▶ **Input data**:
•••
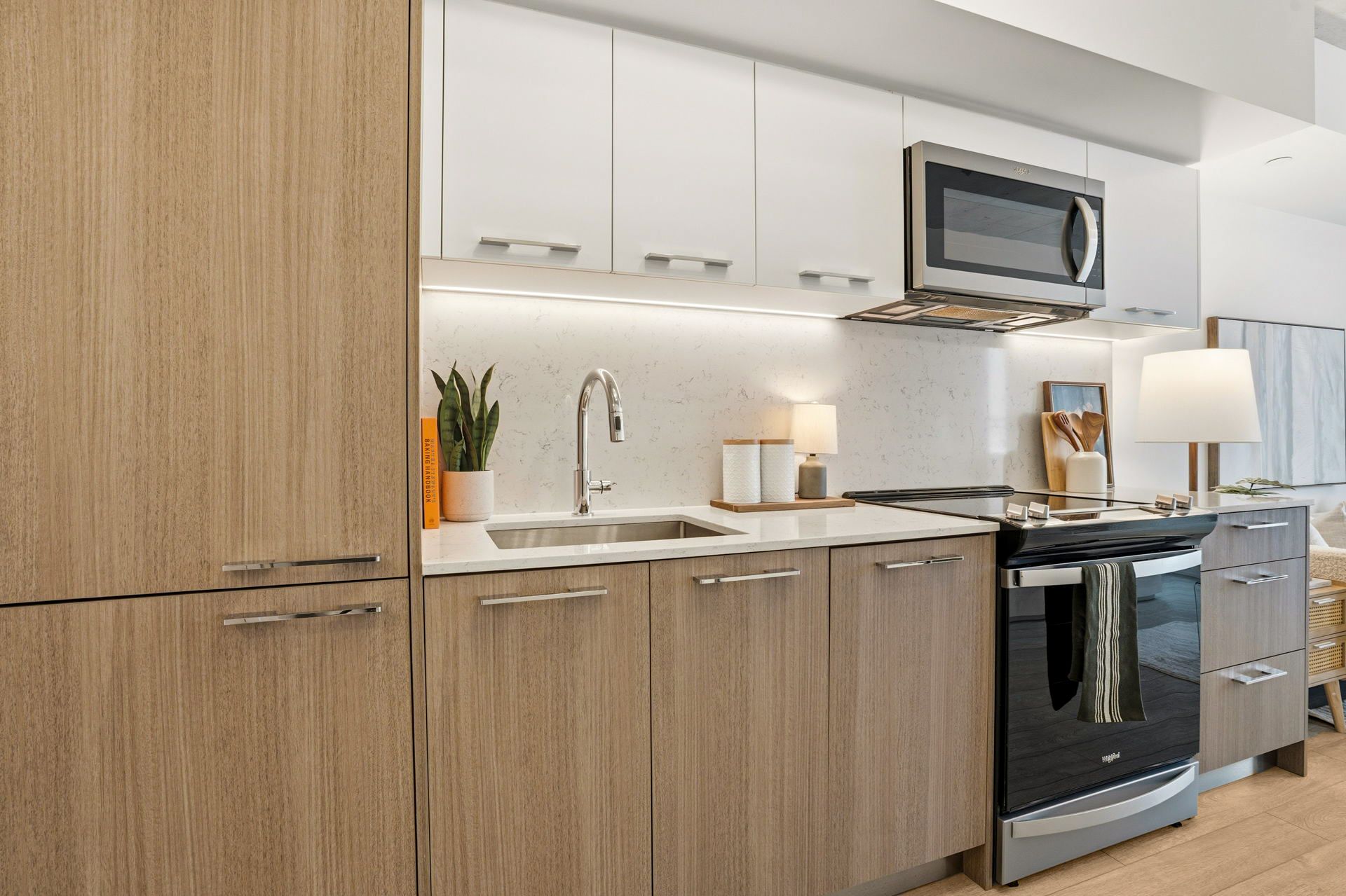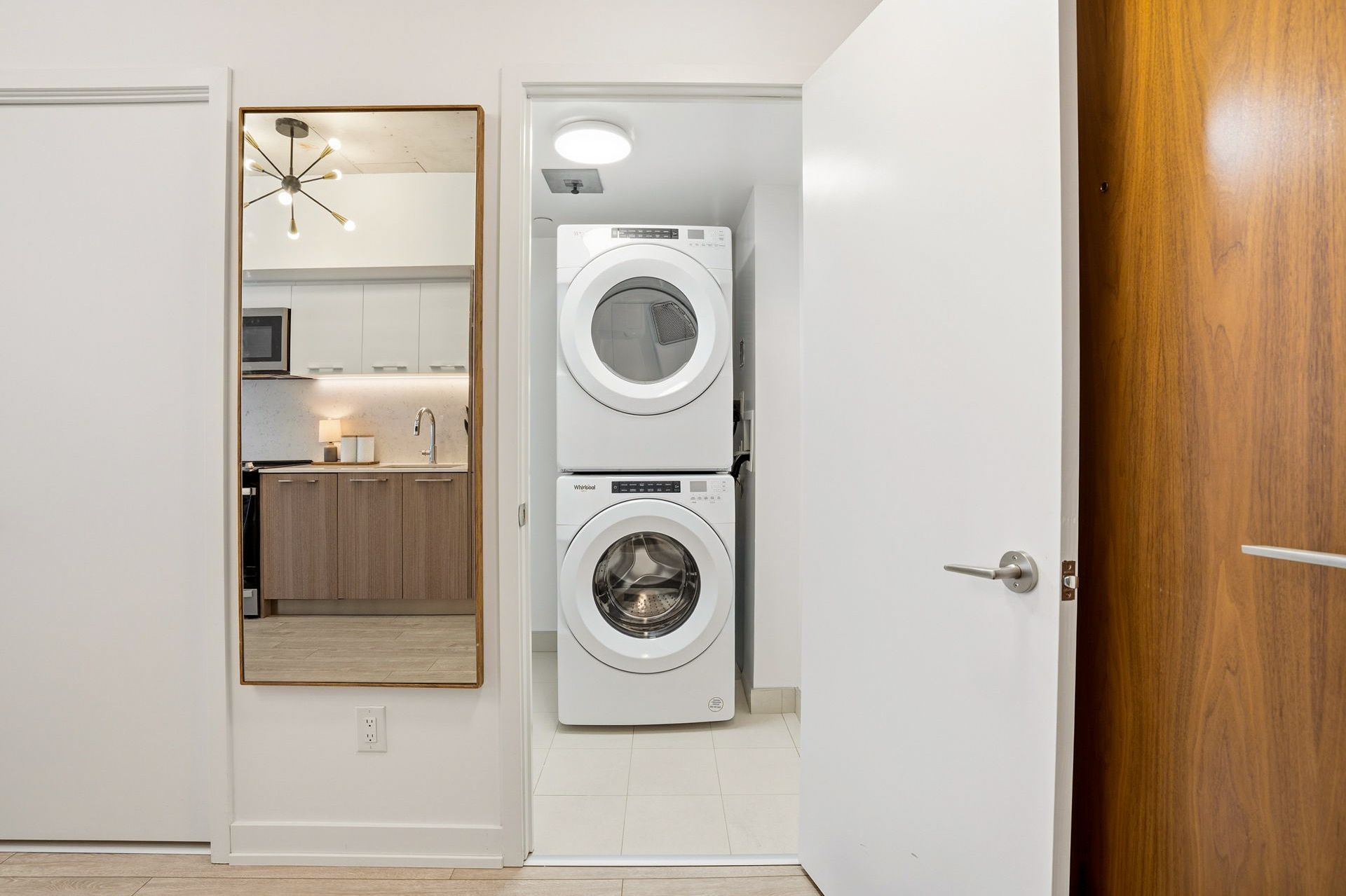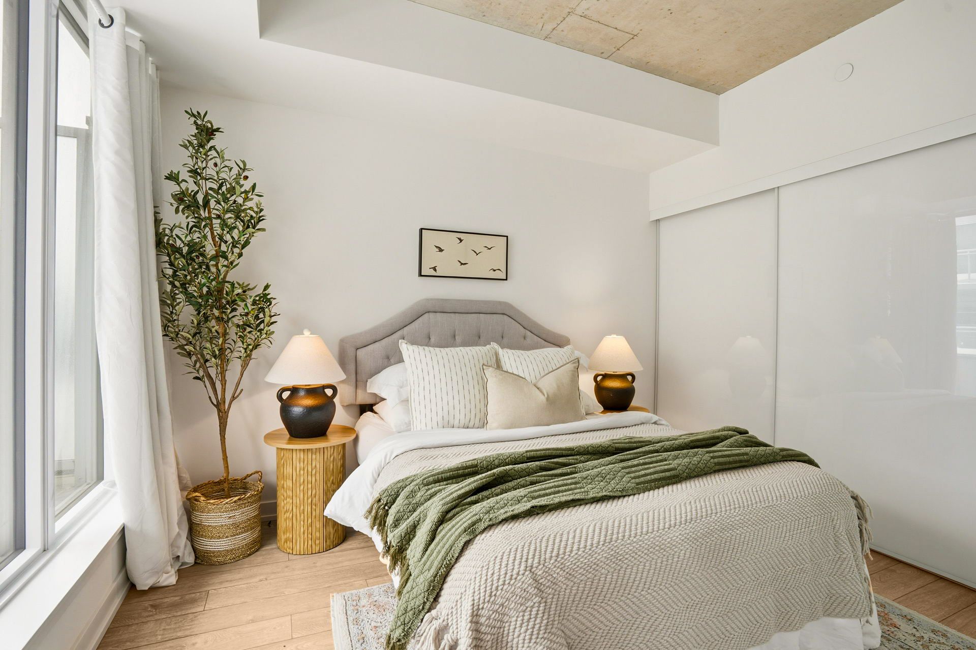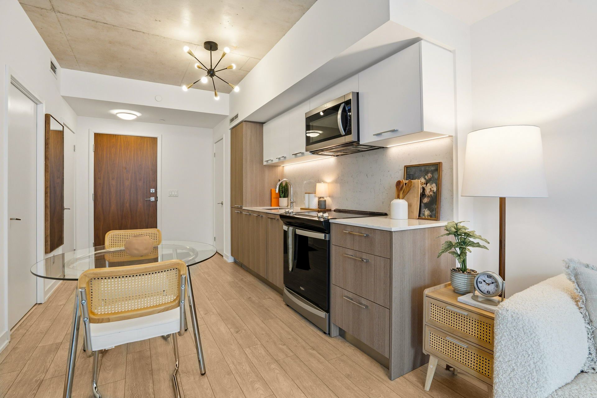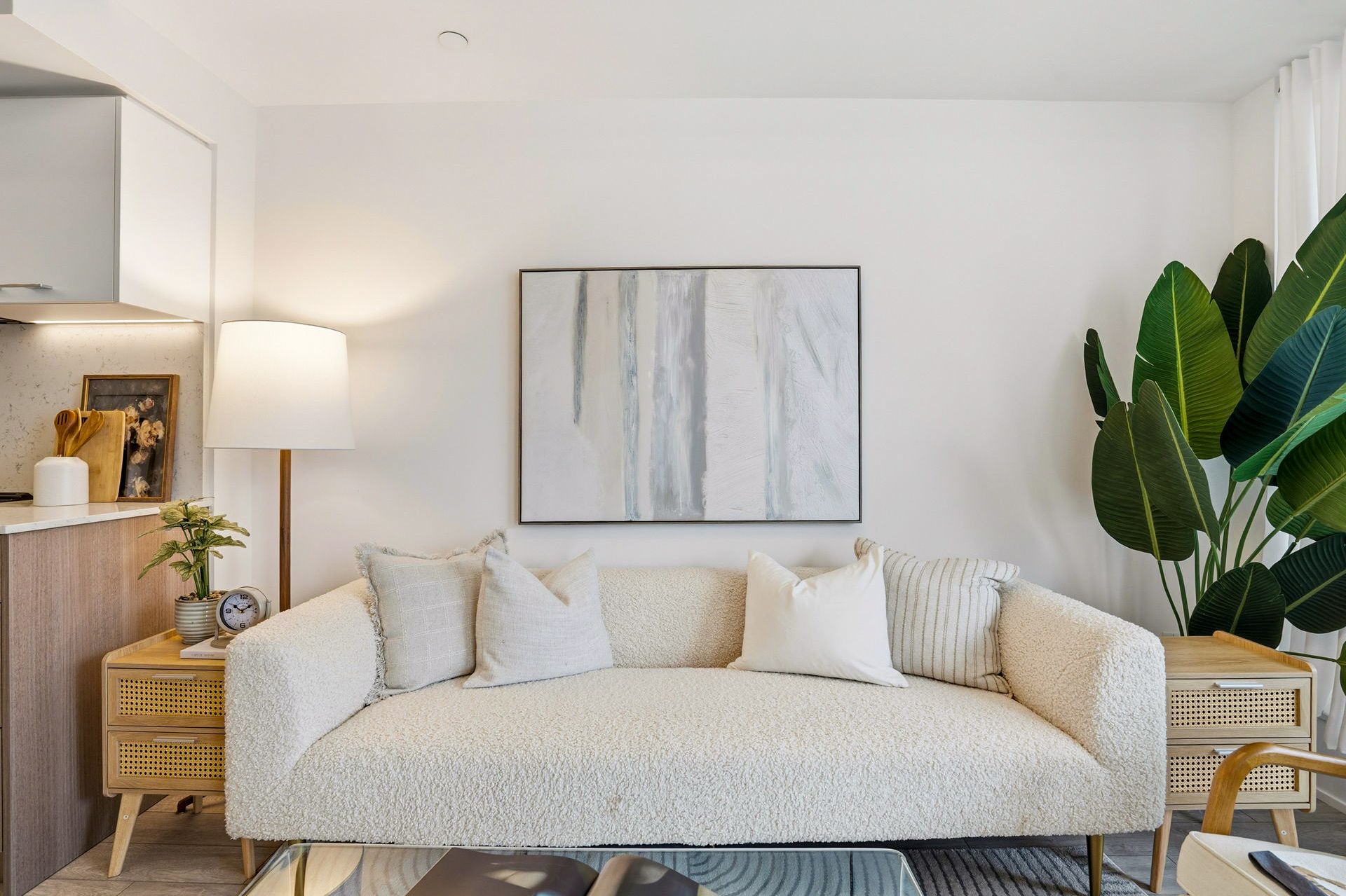 • Bright and airy layout with floor-to-ceiling windows and European kitchen.
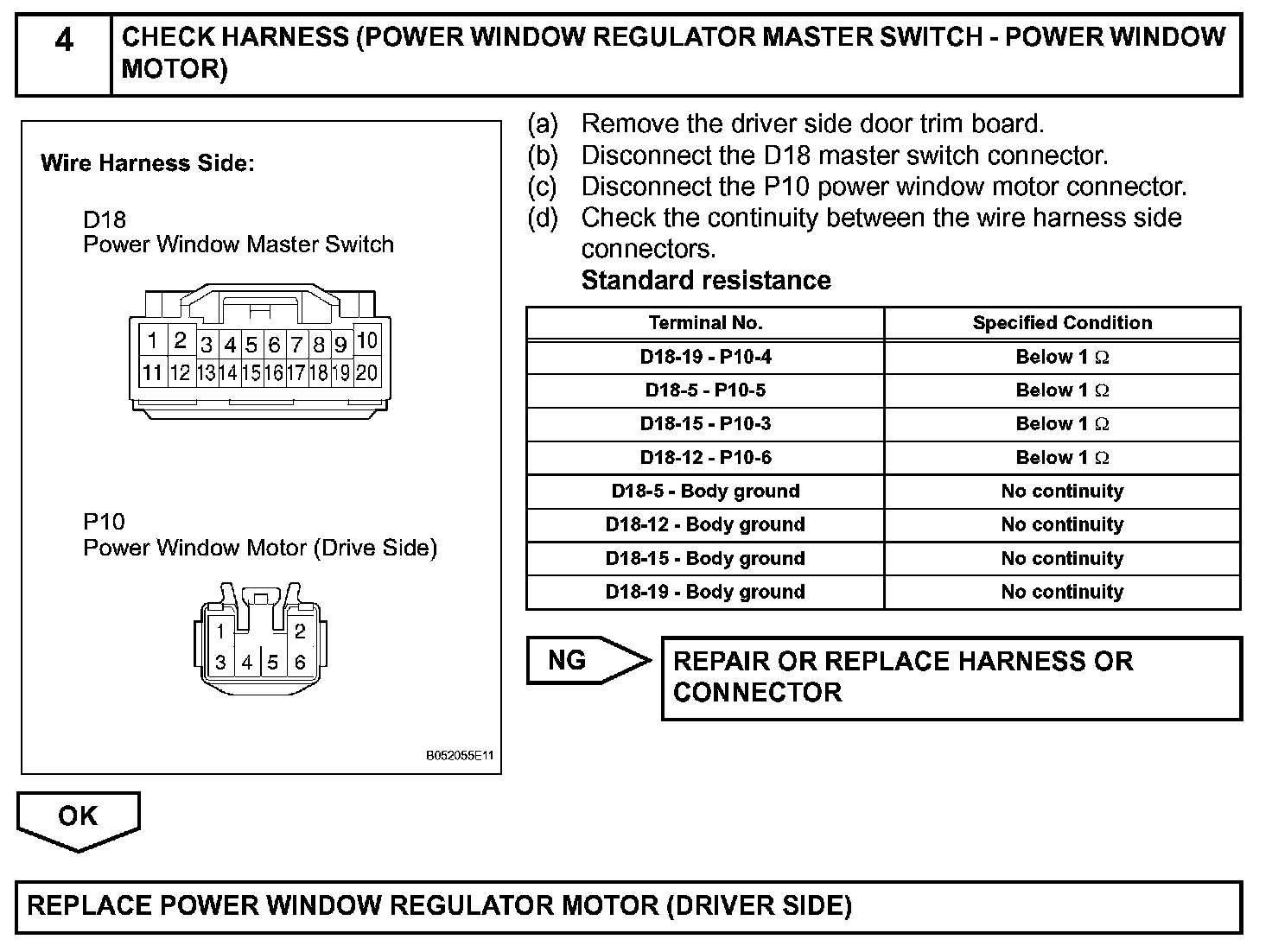 - There is an open or short circuit in the wiring between the power window switch and the corresponding power window motor.
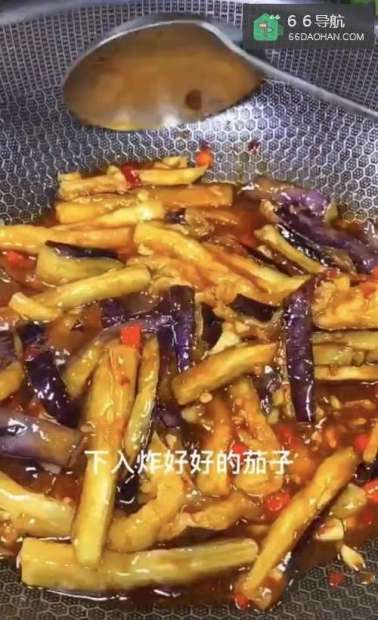 8然后倒入炸好的茄子,大火翻炒均匀入味,
•••
▶ **Assignment**:
Skipping all images, print the data above a second time exactly.

▶ **Result of this exercise**:
 • Bright and airy layout with floor-to-ceiling windows and European kitchen.
 - There is an open or short circuit in the wiring between the power window switch and the corresponding power window motor.
 8然后倒入炸好的茄子,大火翻炒均匀入味,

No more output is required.